El hombre está inmutado ante su furia. No le importa y cierra la puerta con fuerzas. Se vuelve a la sala y se encuentra a Raimundo de pies.
—¿Qué te pasa? ¿Quién era?
—¡Era ese maldito productor que le mandó la carta a Dalí! —toma todos los papeles que le había dado Michael y comienza a tirarlos al piso.
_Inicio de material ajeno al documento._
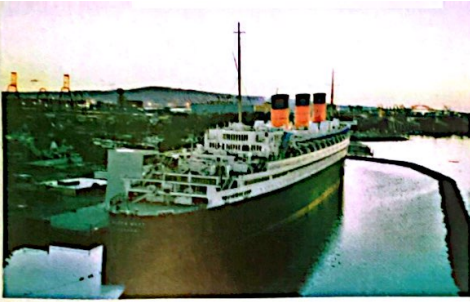
ss QUEEN MARY - Long Beach (nog in gebruik)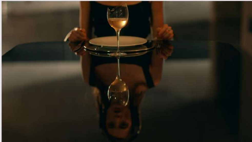
Masbedo | PerSo – Perugia Social Film Festival: 40 titoli, 7 anteprime italiane, 6 giorni di proiezioni, masterclass e il progetto Mascarilla 19

Progetto commissionato e prodotto da Fondazione In Between Art Film, fondata e presieduta da Beatrice Bulgari, che con il riferimento diretto a questa campagna ha voluto da un lato richiamare l'attenzione su un'emergenza globale, dall'altro dare uno stimolo agli artisti fornendo loro anche un sostegno concreto alla produzione di nuovi progetti quando tutte le produzioni artistiche risultavano sospese. Curatori del progetto: Leonardo Bigazzi, Alessandro Rabottini, Paola Ugolini.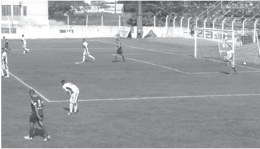
Partida equilibrada, em Fernandópolis, terminou com o placar em 1 a 1

Nesta fase, de acordo com o regulamento, as equipes jogam entre si, em turno e retorno, e classificam-se às oitavas de final os quatro primeiros colocados de cada grupo.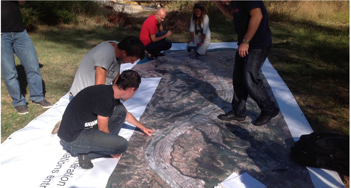
Foto.7: Quarta-feira, 18 de setembro de 2013, o dispositivo é testado em frente ao laboratório Géoazur.

Como funciona este método? Não é possível restituir precisamente a experiência vivida pelos moradores, mas com este dispositivo os participantes reativam uma parte desta experiência. A fotografia aérea permite esta reativação, pois a alta precisão da representação fotográfica, em larga escala, da bacia do Vallée du Var fornece uma grande quantidade de detalhes que ilustra algumas das características do território. Esses detalhes são usados como “gatilhos de memória ( embrayeurs de mémoire ) que provocam a memória, por associação e expansão de lembranças do essencial da experiência vivida” (J. Arrouye, 2002). Enquanto ele é centrado em uma fotografia, o dispositivo tende a reduzir a principal limitação do meio fotográfico “seu modo de gravação frontal e fixo do espetáculo visual” (idem). De fato, na medida em que engaja uma implicação corporal dos participantes, os gestos dos atores envolvidos no dispositivo chama uma memória ampliada da experiência vivida além de meras referências visuais. A participação corporal dos participantes exerce-se em várias sequências sucessivas: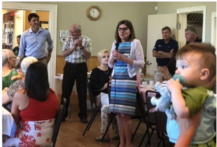
Des aînés de l'Île-du-Prince-Édouard au Congrès d'Halifax et de retour sur l'île

En 2018, le conseil de direction national de la CAL a adopté une nouvelle vision (citée plus haut) ainsi qu'un nouvel énoncé de mission : « Encourager les Canadiens plus âgés à participer aux affaires politiques de leur pays et aider le Parti libéral du Canada à connaître et à comprendre les intérêts et les besoins des aînés canadiens d'aujourd'hui et de demain. »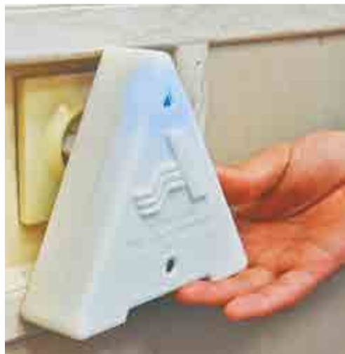
Корпус озонатора повторяет форму логотипа АПЗ.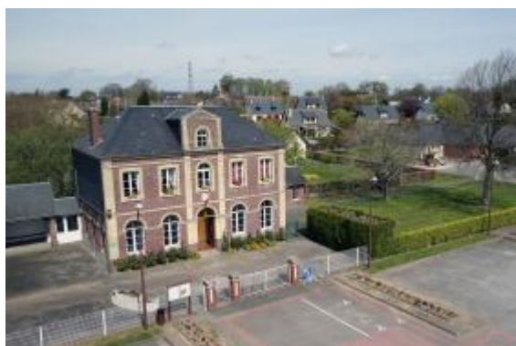
Mairie de Saint-Vincent-Cramesnil Jacques Refuveille

—¡¿Qué estás haciendo?! ¡¿Estás loca o qué?!
—¡Estoy haciendo lo mejor para Dalí! —rompe todos los papeles que se encuentra mientras las venas en su cuello se asoman— ¡Nadie va a hacer que Dalí sea un parásito!
—¡¿Y tenías que hacer todo ese escándalo?!
—¡Por Dalí haría cualquier cosa!
Encuentra la carta de la disquera y la arruga entre sus manos.
—¡Deja eso! —Raimundo trata de quitarle la carta pero ella es más rápida.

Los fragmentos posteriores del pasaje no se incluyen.